"""
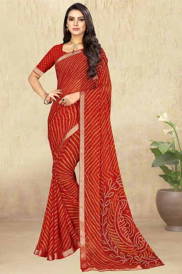 Chiffon Fabric Red Color Printed Casual Wear Engrossing Saree
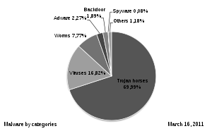 Preliminary results from Symantec published in 2008 suggested that "the release rate of malicious code and other unwanted programs may be exceeding that of legitimate software applications."[10] According to F-Secure, "As much malware [was] produced in 2007 as in the previous 20 years altogether."[11] Malware's most common pathway from criminals to users is through the Internet: primarily by e-mail and the World Wide Web.[12]
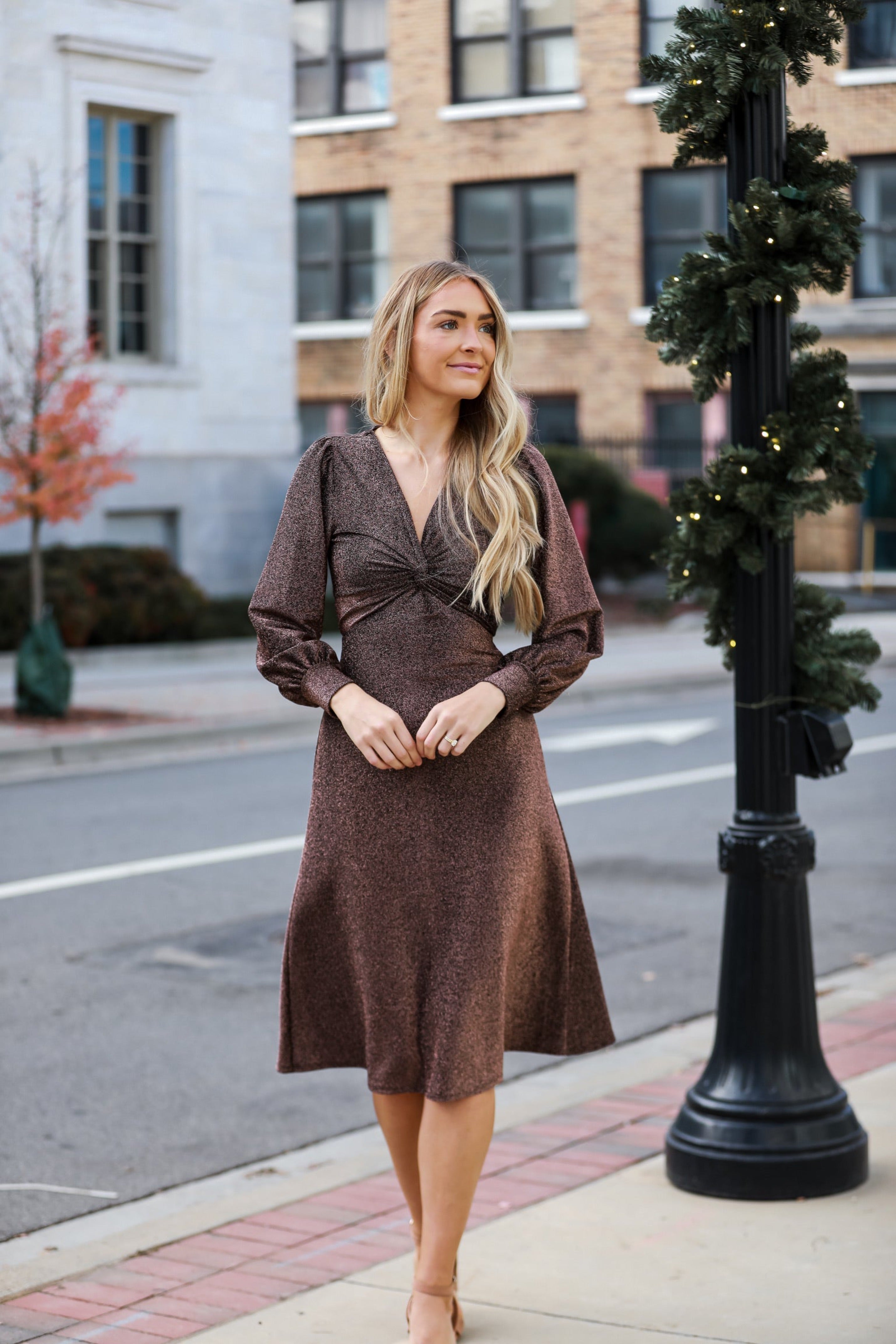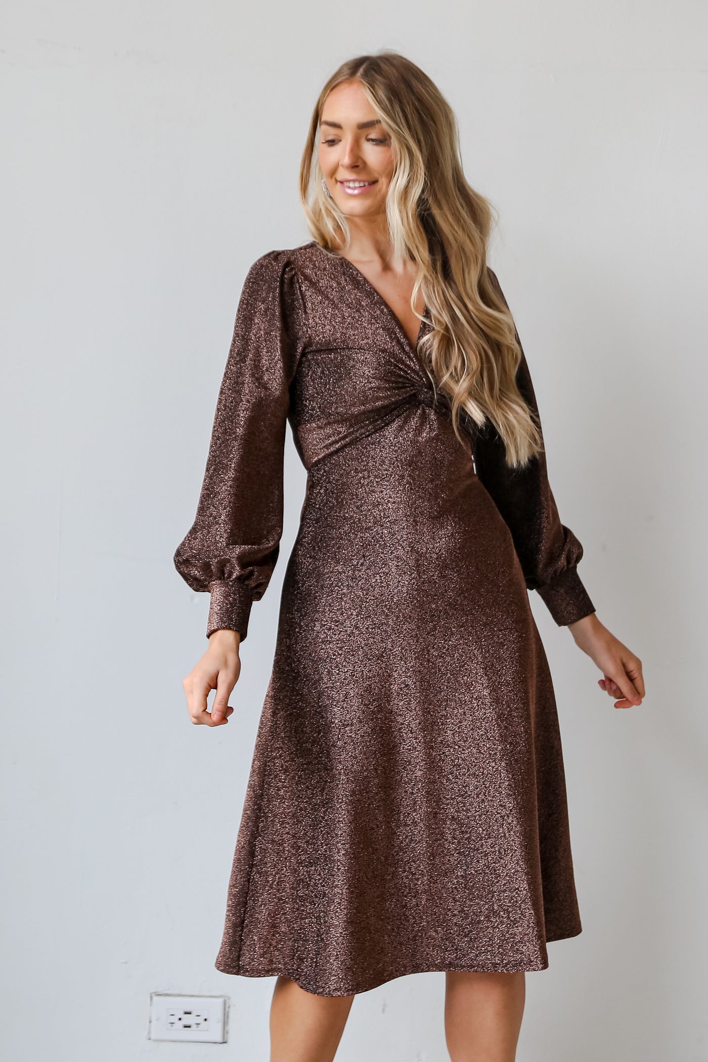 You'll be winning every style ranking when you wear the Precious Prize Black Metallic Midi Dress! Illuminate the night with our women's metallic long sleeve midi dress—a stunning fusion of sophistication and contemporary allure. This dress is a tribute to modern glamour, designed to captivate with its metallic sheen and timeless silhouette. The metallic fabric casts a radiant glow, catching and reflecting light to create a mesmerizing play of shimmer. Whether you're attending a chic evening soiree or a festive celebration, this dress ensures you'll be the embodiment of refined elegance. Whether you're sipping champagne at a cocktail party or dancing the night away at a glamorous event, this dress is your ticket to a radiant and unforgettable evening!
"""
## [What the task requires]
Reproduce the material above in full and without alteration, but skip all pictures.

## [Output of the exercise]
 Chiffon Fabric Red Color Printed Casual Wear Engrossing Saree
 Preliminary results from Symantec published in 2008 suggested that "the release rate of malicious code and other unwanted programs may be exceeding that of legitimate software applications."[10] According to F-Secure, "As much malware [was] produced in 2007 as in the previous 20 years altogether."[11] Malware's most common pathway from criminals to users is through the Internet: primarily by e-mail and the World Wide Web.[12]
 You'll be winning every style ranking when you wear the Precious Prize Black Metallic Midi Dress! Illuminate the night with our women's metallic long sleeve midi dress—a stunning fusion of sophistication and contemporary allure. This dress is a tribute to modern glamour, designed to captivate with its metallic sheen and timeless silhouette. The metallic fabric casts a radiant glow, catching and reflecting light to create a mesmerizing play of shimmer. Whether you're attending a chic evening soiree or a festive celebration, this dress ensures you'll be the embodiment of refined elegance. Whether you're sipping champagne at a cocktail party or dancing the night away at a glamorous event, this dress is your ticket to a radiant and unforgettable evening!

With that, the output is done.